━━━━━ SUPPLIED RECORDS ━━━━━

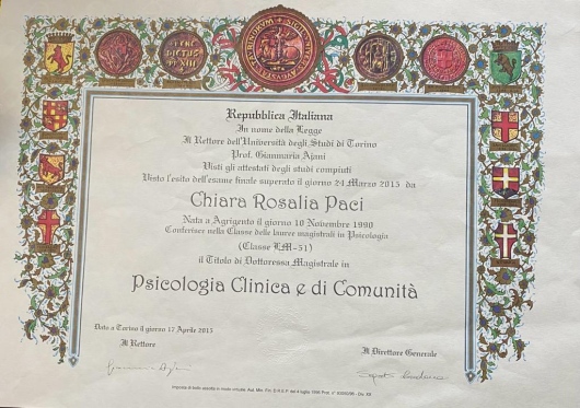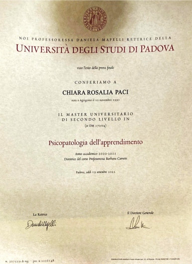 Nel 2021 ho concluso il Master in Psicopatologia dell'Apprendimento.
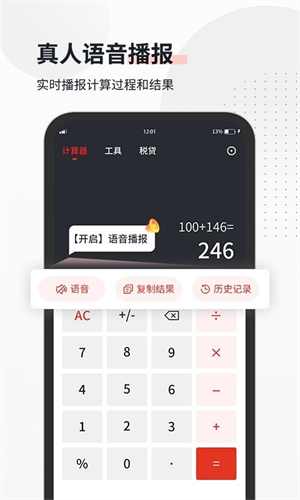 2、语音播报:计算完成后自动朗读结果,无需查看。
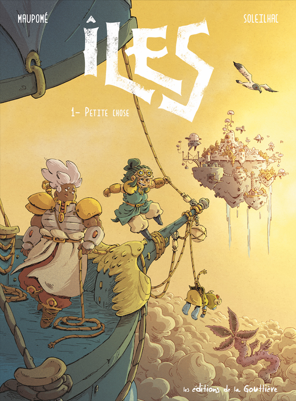 Les auteurs de la chouette série Sixtine reviennent avec une nouvelle saga des plus prometteuses : une aventure de fantasy aérienne, qui évoquera forcément les dessins animés de Miyazaki, mais qui trouve vite sa propre personnalité dans un scénario malin et complexe (mais sans être compliqué!), qui ne dévoile ses secrets qu’au compte-gouttes. On reconnaît bien là le talent de Frédéric Maupomé (Anuki, Supers, La Quête…) pour créer des univers excitants, esquisser des personnages nuancés, préserver un maximum de suspense, tout en laissant l’action s’exprimer. Sans oublier de glisser un petit message sociétal, ici sur la folie des humains prêts à détruire leur terre pour un profit à court terme et l’obsession du pouvoir et de la force, contre tout avis scientifique. Au dessin, Aude Soleilhac s’en donne à coeur joie dans la composition de ce monde imaginaire et ses bateaux volants, entre steam punk, piraterie et aventure exotique. Envolez-vous vite avec Alie et Ienisseï, vous ne regretterez pas le voyage !
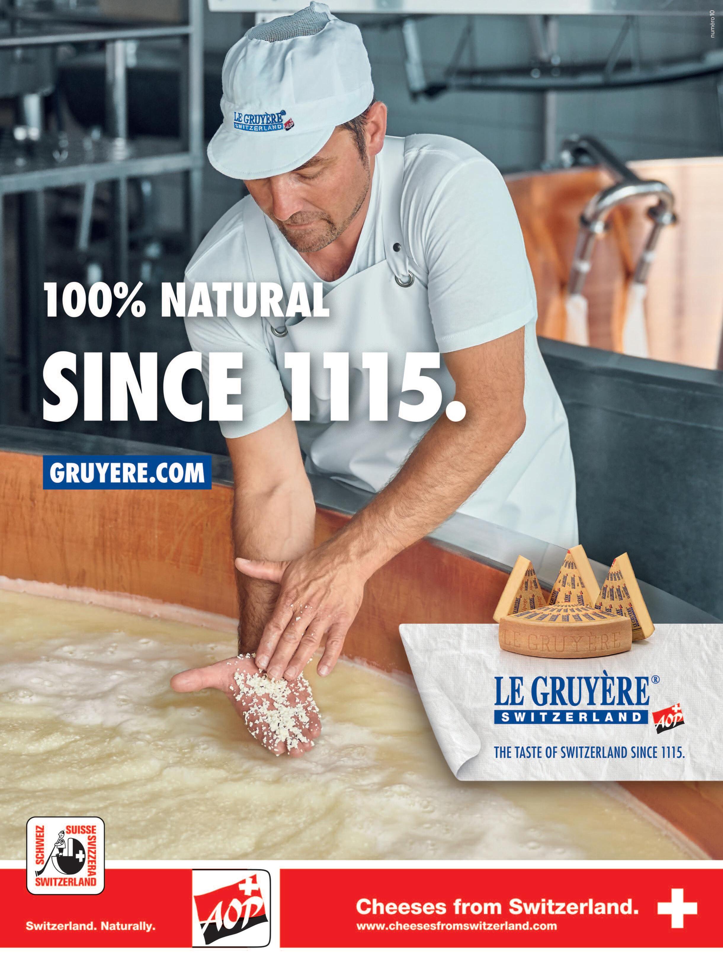 • Le Gruyère AOP is natural – there are no additives, no GMOs and no preservatives.
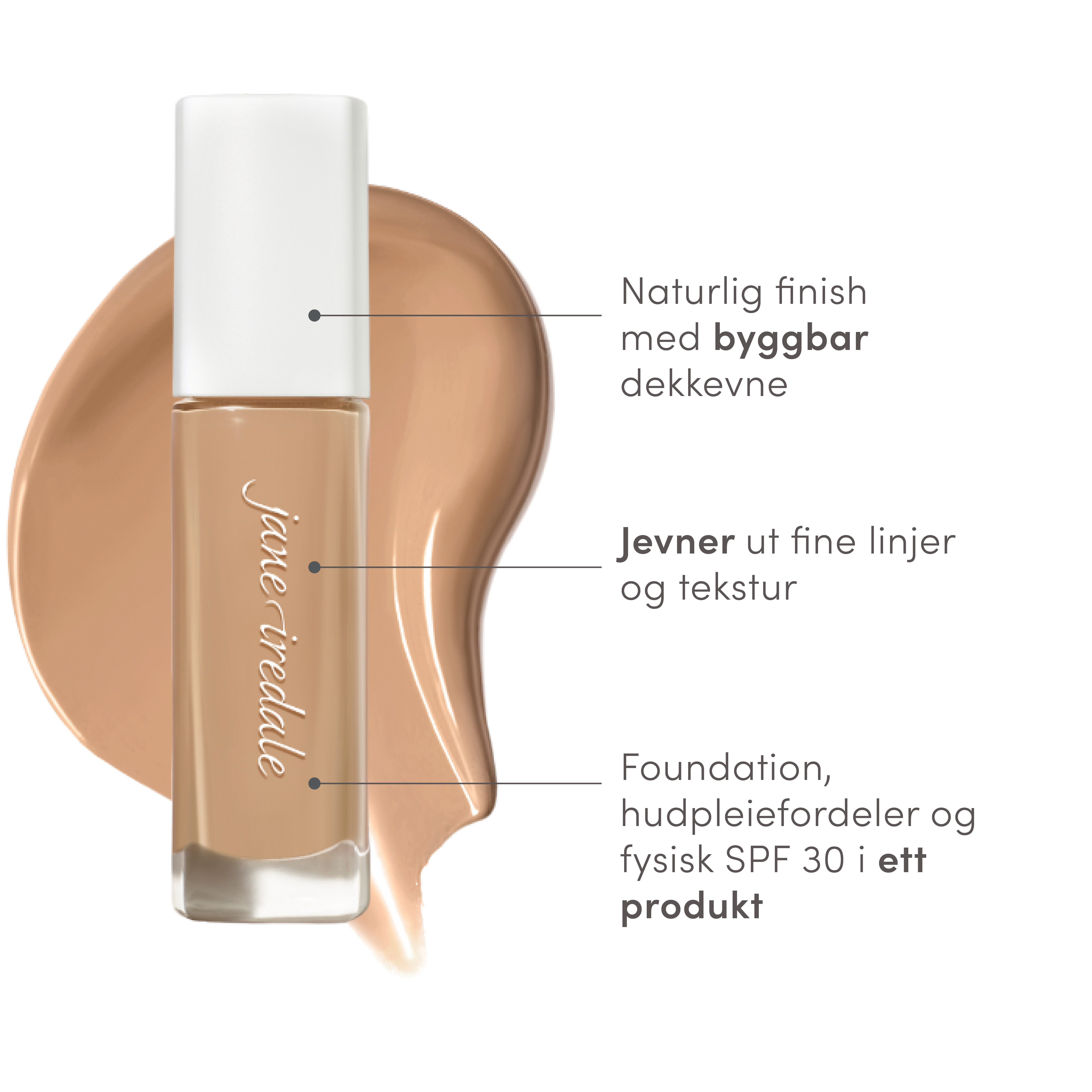 Middels dekkende, byggbar og flytende foundation med SPF 30

━━━━━

• WORK ITEM
Each record above must be retyped exactly as given, with the images excluded.

• ANSWER
 Nel 2021 ho concluso il Master in Psicopatologia dell'Apprendimento.
 2、语音播报:计算完成后自动朗读结果,无需查看。
 Les auteurs de la chouette série Sixtine reviennent avec une nouvelle saga des plus prometteuses : une aventure de fantasy aérienne, qui évoquera forcément les dessins animés de Miyazaki, mais qui trouve vite sa propre personnalité dans un scénario malin et complexe (mais sans être compliqué!), qui ne dévoile ses secrets qu’au compte-gouttes. On reconnaît bien là le talent de Frédéric Maupomé (Anuki, Supers, La Quête…) pour créer des univers excitants, esquisser des personnages nuancés, préserver un maximum de suspense, tout en laissant l’action s’exprimer. Sans oublier de glisser un petit message sociétal, ici sur la folie des humains prêts à détruire leur terre pour un profit à court terme et l’obsession du pouvoir et de la force, contre tout avis scientifique. Au dessin, Aude Soleilhac s’en donne à coeur joie dans la composition de ce monde imaginaire et ses bateaux volants, entre steam punk, piraterie et aventure exotique. Envolez-vous vite avec Alie et Ienisseï, vous ne regretterez pas le voyage !
 • Le Gruyère AOP is natural – there are no additives, no GMOs and no preservatives.
 Middels dekkende, byggbar og flytende foundation med SPF 30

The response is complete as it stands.